**DATA IN THIS EXERCISE**
------------------------------

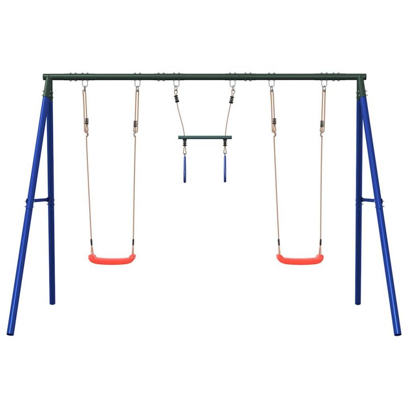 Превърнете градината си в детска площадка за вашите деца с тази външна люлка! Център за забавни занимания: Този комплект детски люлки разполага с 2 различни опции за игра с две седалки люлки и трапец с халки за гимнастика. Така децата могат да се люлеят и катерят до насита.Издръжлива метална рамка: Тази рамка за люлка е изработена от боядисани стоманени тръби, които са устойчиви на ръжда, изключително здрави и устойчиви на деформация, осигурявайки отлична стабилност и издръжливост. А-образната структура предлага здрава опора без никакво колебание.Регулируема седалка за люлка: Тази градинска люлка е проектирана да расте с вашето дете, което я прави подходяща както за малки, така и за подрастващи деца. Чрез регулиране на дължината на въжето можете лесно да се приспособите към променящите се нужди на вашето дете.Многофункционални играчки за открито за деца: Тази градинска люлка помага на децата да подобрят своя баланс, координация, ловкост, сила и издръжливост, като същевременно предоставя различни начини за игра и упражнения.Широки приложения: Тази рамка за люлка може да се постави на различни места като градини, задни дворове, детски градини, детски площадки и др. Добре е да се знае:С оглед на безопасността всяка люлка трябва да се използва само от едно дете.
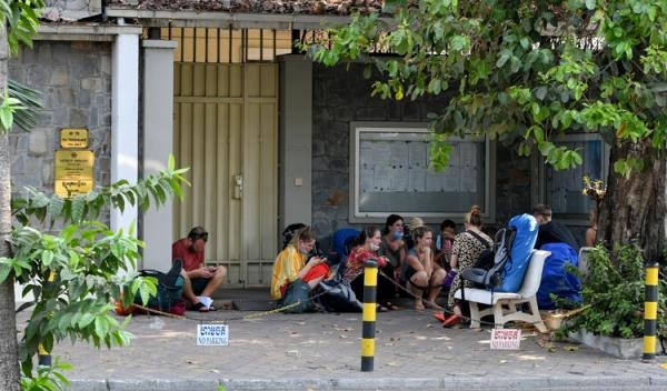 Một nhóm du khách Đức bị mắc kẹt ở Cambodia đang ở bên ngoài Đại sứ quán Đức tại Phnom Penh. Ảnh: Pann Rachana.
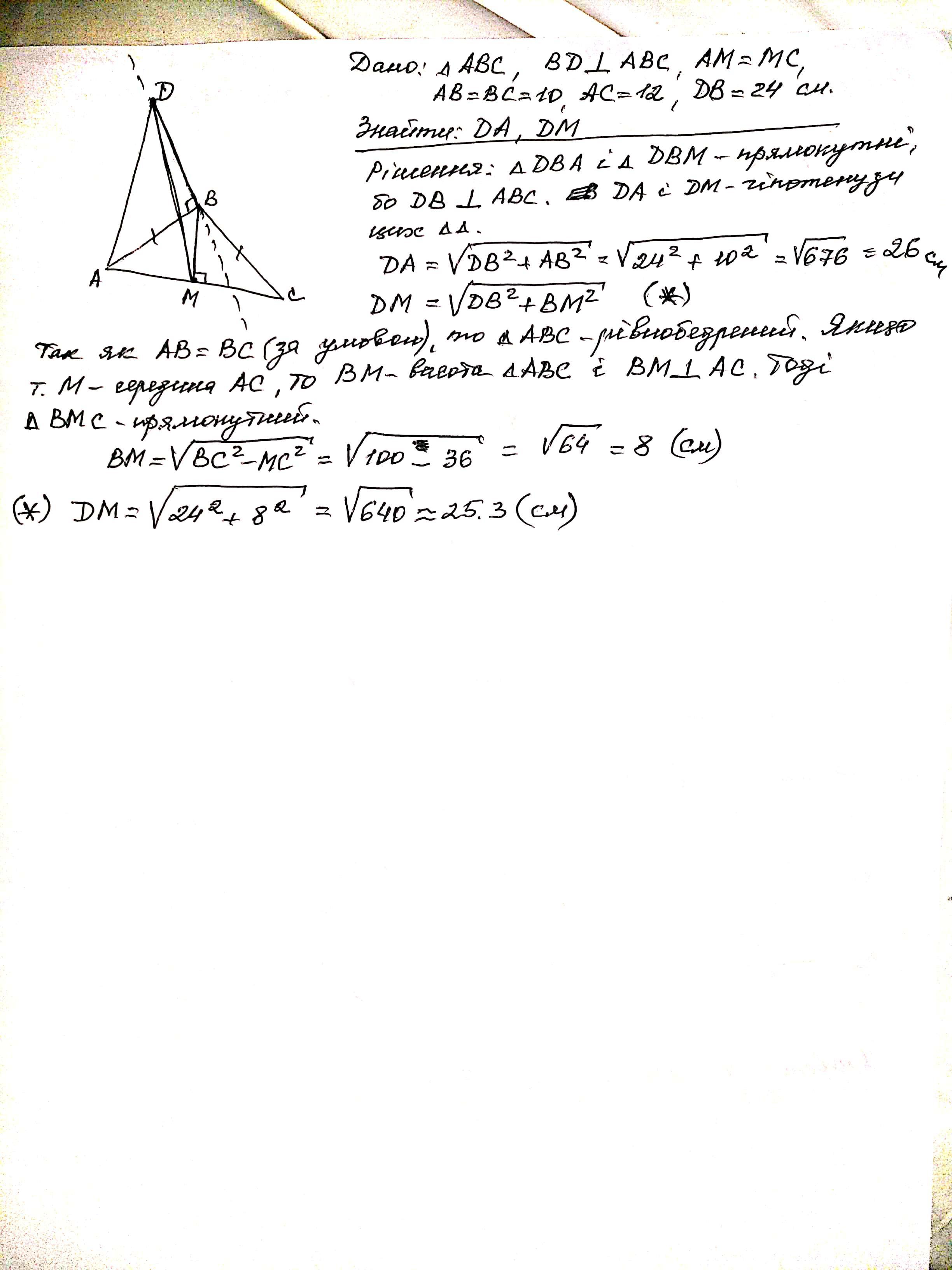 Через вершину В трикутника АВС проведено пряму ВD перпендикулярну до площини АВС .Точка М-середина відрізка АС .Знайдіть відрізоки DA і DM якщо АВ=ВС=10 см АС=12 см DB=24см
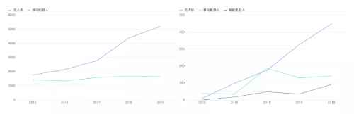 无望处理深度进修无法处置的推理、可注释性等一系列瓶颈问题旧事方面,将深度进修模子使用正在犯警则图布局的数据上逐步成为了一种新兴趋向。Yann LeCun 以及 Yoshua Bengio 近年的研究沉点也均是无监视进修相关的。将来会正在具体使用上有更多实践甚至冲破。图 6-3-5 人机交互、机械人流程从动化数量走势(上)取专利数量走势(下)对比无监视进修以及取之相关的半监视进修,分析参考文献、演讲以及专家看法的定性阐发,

------------------------------

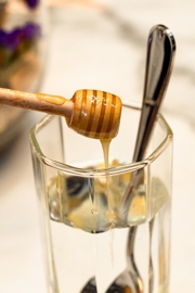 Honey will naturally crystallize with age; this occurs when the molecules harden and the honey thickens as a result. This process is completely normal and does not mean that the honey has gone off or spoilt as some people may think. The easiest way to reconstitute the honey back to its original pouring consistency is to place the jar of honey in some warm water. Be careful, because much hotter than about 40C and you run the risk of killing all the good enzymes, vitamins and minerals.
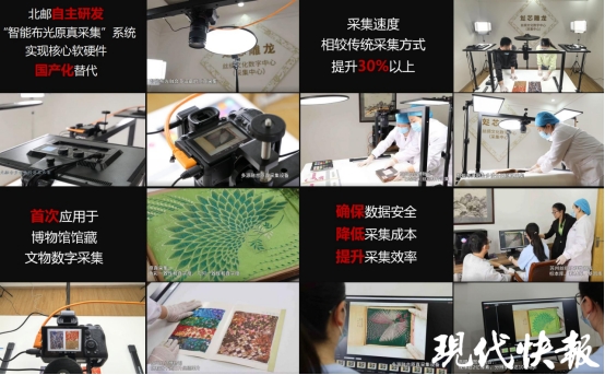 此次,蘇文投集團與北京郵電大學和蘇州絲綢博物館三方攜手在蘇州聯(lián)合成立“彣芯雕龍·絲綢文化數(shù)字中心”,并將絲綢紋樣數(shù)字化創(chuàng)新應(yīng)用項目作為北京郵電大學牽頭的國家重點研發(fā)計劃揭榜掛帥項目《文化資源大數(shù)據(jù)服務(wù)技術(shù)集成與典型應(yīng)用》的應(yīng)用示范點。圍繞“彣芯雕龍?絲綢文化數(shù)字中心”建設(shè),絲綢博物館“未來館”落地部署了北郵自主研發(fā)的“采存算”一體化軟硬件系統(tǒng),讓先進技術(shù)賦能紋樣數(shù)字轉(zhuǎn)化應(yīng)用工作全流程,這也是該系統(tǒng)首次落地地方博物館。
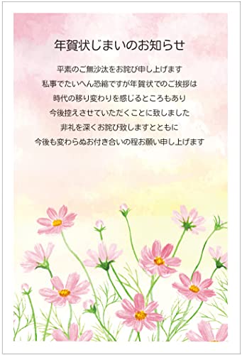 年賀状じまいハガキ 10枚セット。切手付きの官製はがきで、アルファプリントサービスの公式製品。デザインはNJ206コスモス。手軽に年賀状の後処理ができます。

------------------------------

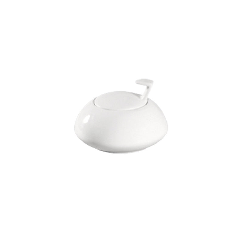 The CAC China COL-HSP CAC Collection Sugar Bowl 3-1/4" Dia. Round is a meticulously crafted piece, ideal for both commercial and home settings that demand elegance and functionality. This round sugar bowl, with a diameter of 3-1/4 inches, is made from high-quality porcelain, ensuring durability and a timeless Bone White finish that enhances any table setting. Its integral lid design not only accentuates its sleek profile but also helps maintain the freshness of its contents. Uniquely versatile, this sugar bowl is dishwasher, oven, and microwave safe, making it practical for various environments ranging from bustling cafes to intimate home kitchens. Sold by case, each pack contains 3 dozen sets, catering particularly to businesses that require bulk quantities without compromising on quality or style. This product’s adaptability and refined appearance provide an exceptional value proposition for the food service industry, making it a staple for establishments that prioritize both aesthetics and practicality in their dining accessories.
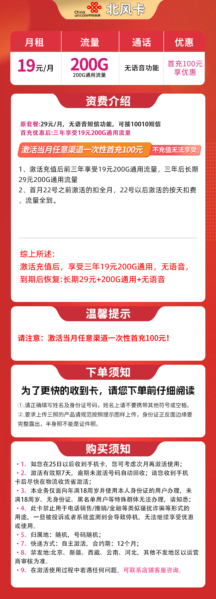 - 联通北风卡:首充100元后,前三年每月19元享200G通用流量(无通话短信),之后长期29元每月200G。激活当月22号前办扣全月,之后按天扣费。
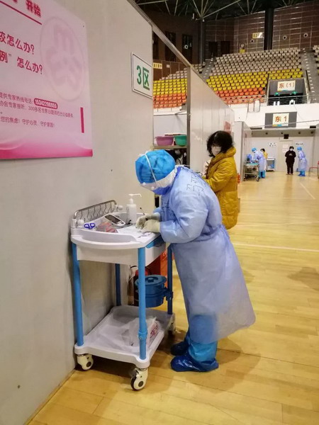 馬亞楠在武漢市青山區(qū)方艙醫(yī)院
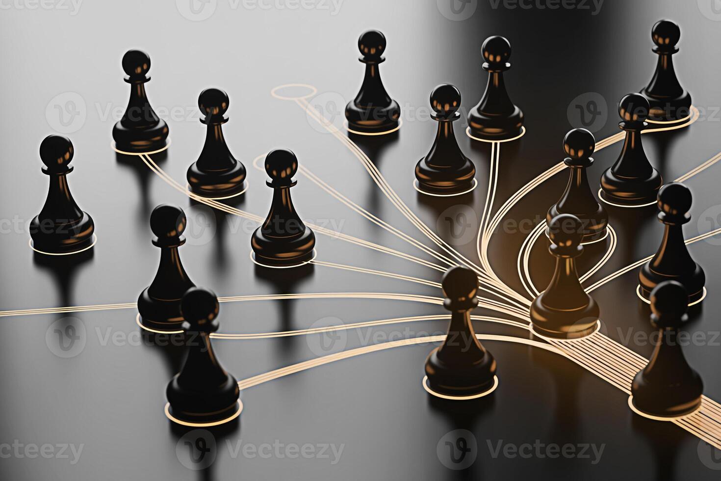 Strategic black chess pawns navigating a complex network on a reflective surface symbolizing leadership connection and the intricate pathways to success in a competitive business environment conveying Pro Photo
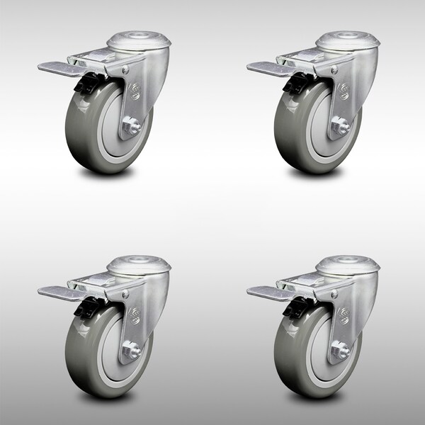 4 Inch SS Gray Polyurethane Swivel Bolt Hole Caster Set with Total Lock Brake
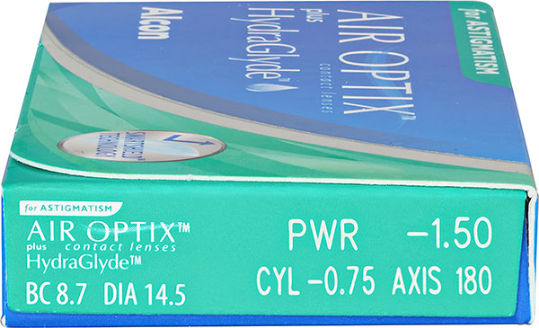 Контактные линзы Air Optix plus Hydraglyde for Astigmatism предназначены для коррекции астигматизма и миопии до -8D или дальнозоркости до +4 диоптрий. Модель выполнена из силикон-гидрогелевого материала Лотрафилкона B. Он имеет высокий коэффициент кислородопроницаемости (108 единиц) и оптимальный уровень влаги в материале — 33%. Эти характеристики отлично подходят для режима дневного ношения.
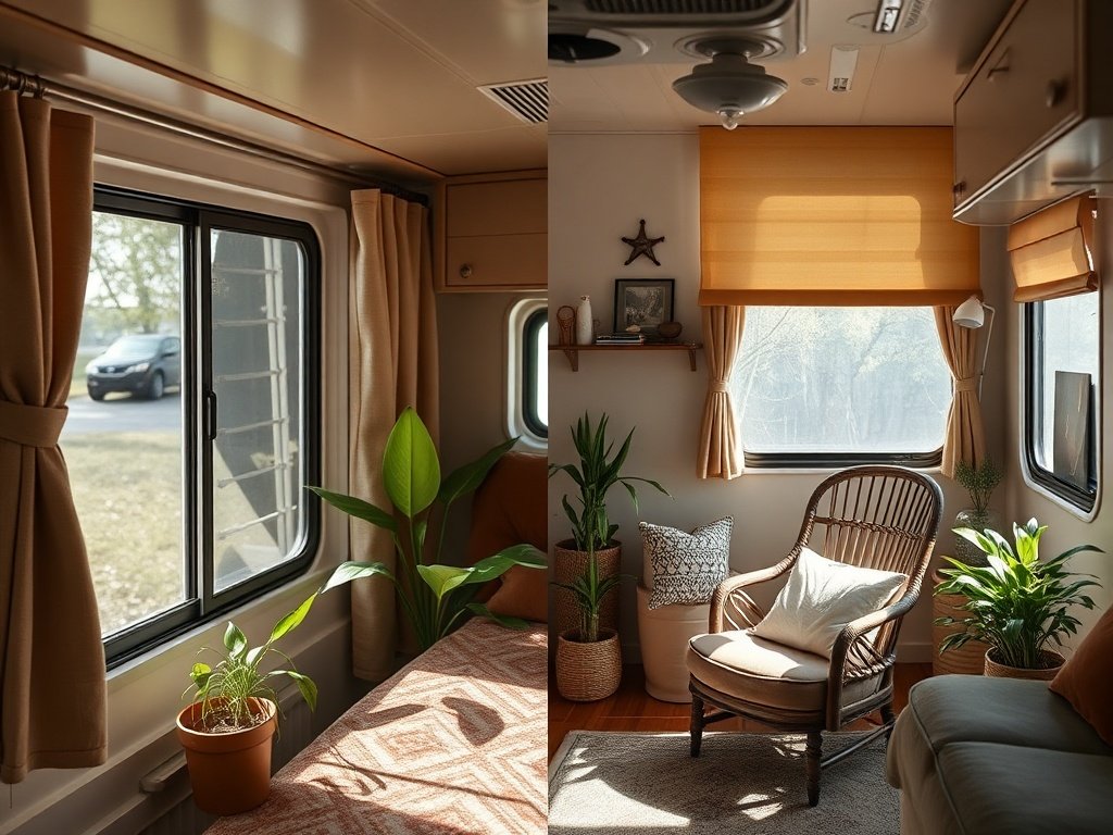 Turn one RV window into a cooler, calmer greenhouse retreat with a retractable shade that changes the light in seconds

------------------------------

**ACTIVITY**
From the records above, copy exactly the lines starting at the one with "Превърнете градината си" and ending at the one with "Một nhóm du", and no others. Pictures stay out.

**TASK OUTPUT**
 Превърнете градината си в детска площадка за вашите деца с тази външна люлка! Център за забавни занимания: Този комплект детски люлки разполага с 2 различни опции за игра с две седалки люлки и трапец с халки за гимнастика. Така децата могат да се люлеят и катерят до насита.Издръжлива метална рамка: Тази рамка за люлка е изработена от боядисани стоманени тръби, които са устойчиви на ръжда, изключително здрави и устойчиви на деформация, осигурявайки отлична стабилност и издръжливост. А-образната структура предлага здрава опора без никакво колебание.Регулируема седалка за люлка: Тази градинска люлка е проектирана да расте с вашето дете, което я прави подходяща както за малки, така и за подрастващи деца. Чрез регулиране на дължината на въжето можете лесно да се приспособите към променящите се нужди на вашето дете.Многофункционални играчки за открито за деца: Тази градинска люлка помага на децата да подобрят своя баланс, координация, ловкост, сила и издръжливост, като същевременно предоставя различни начини за игра и упражнения.Широки приложения: Тази рамка за люлка може да се постави на различни места като градини, задни дворове, детски градини, детски площадки и др. Добре е да се знае:С оглед на безопасността всяка люлка трябва да се използва само от едно дете.
 Một nhóm du khách Đức bị mắc kẹt ở Cambodia đang ở bên ngoài Đại sứ quán Đức tại Phnom Penh. Ảnh: Pann Rachana.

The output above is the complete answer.